- Your assignment -
Please, starting at the line that contains "自転車チェックでは登録と施錠", reproduce every line exactly until the records run out, skipping all pictures.

- Exercise data -
────────

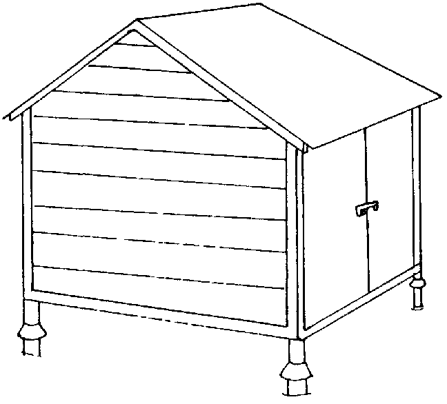 Edificios a prueba de roedores. En el caso de un depósito de madera, debe elevarse el piso de modo que quede como mínimo a unos 80 cm por encima del suelo. Alrededor de los pilares se deben colocar barreras contra ratones para impedir que trepen por ellos (figura 62). En un almacén tradicional es necesario cubrir las paredes externas con argamasa de cemento liso hasta unos 60 cm de altura, y procurar que las puertas y ventanas ajusten perfectamente (figura 63).
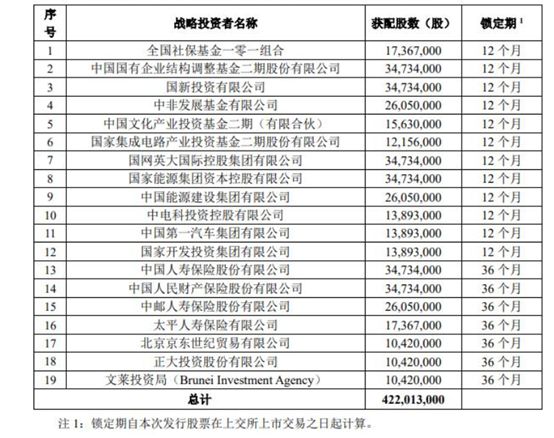 此外,京东、正大集团、文莱投资局等境内外企业和国际主权基金也参与了此次认购。
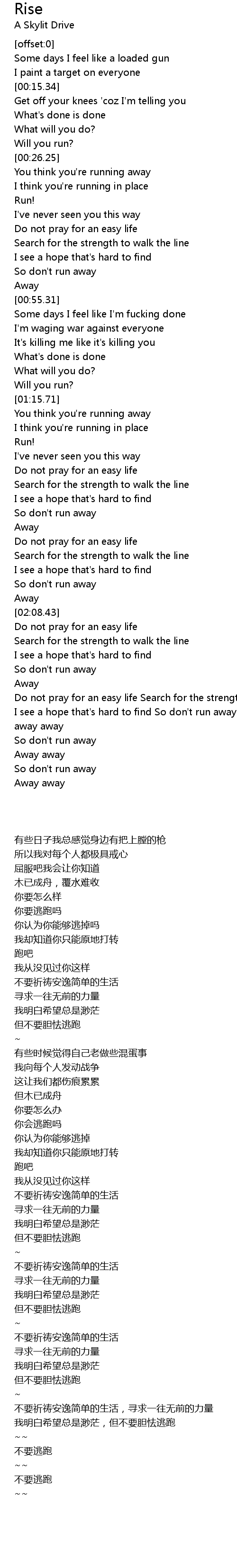 I see a hope that's hard to find So don't run away |
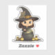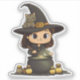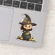A cute kitty sits on the hat of a young witch as she brews a potion in her cauldron. This kid-friendly sticker is great for celebrating Halloween.
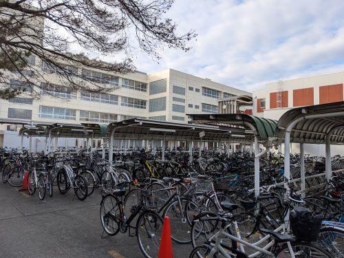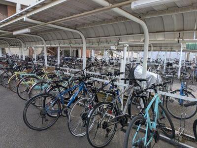 自転車チェックでは登録と施錠を確認します。明法には広い駐輪場があり、多くの生徒が自転車通学をしています。生徒たちは自転車保険に加入し、通学登録をして登録ステッカーを貼ることがルールです。校内での自転車安全講習にも参加しなければなりません。
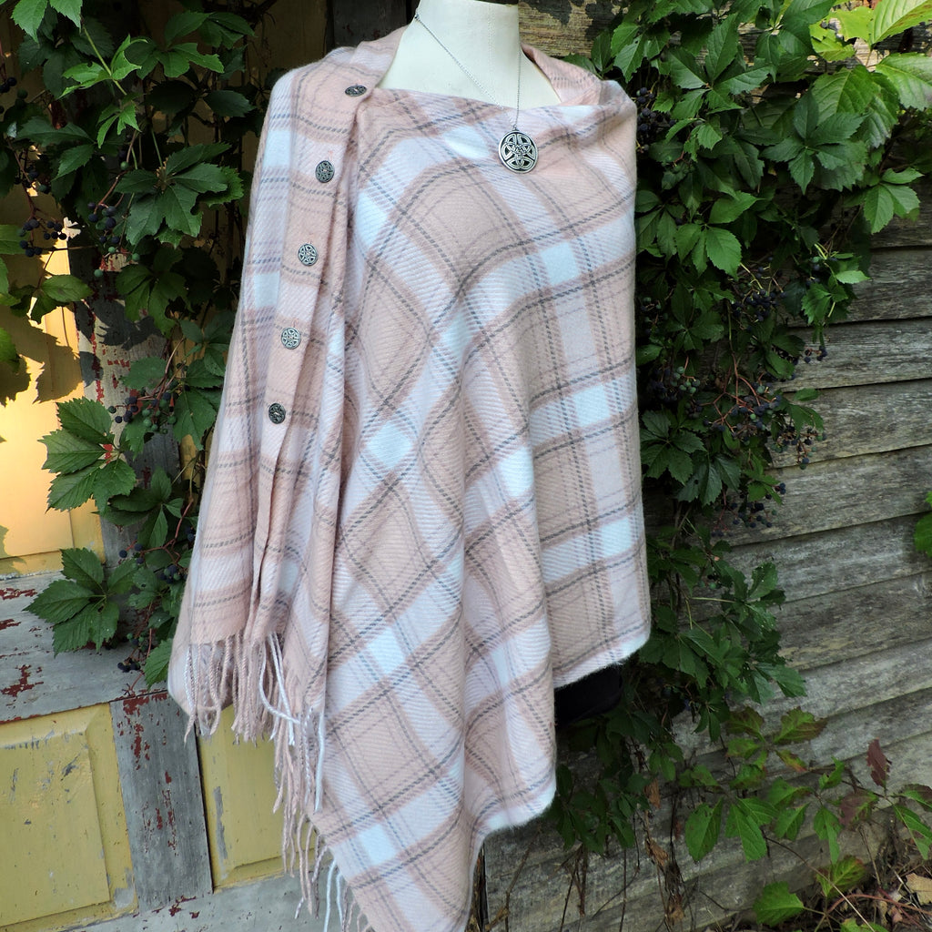 These amazingly soft cashmere blend Button Shawls feature a bullion fringed hem and authentic pewter buttons, made exclusively for us by Atlantic Pewter.

────────

- Response to this task -
 自転車チェックでは登録と施錠を確認します。明法には広い駐輪場があり、多くの生徒が自転車通学をしています。生徒たちは自転車保険に加入し、通学登録をして登録ステッカーを貼ることがルールです。校内での自転車安全講習にも参加しなければなりません。
 These amazingly soft cashmere blend Button Shawls feature a bullion fringed hem and authentic pewter buttons, made exclusively for us by Atlantic Pewter.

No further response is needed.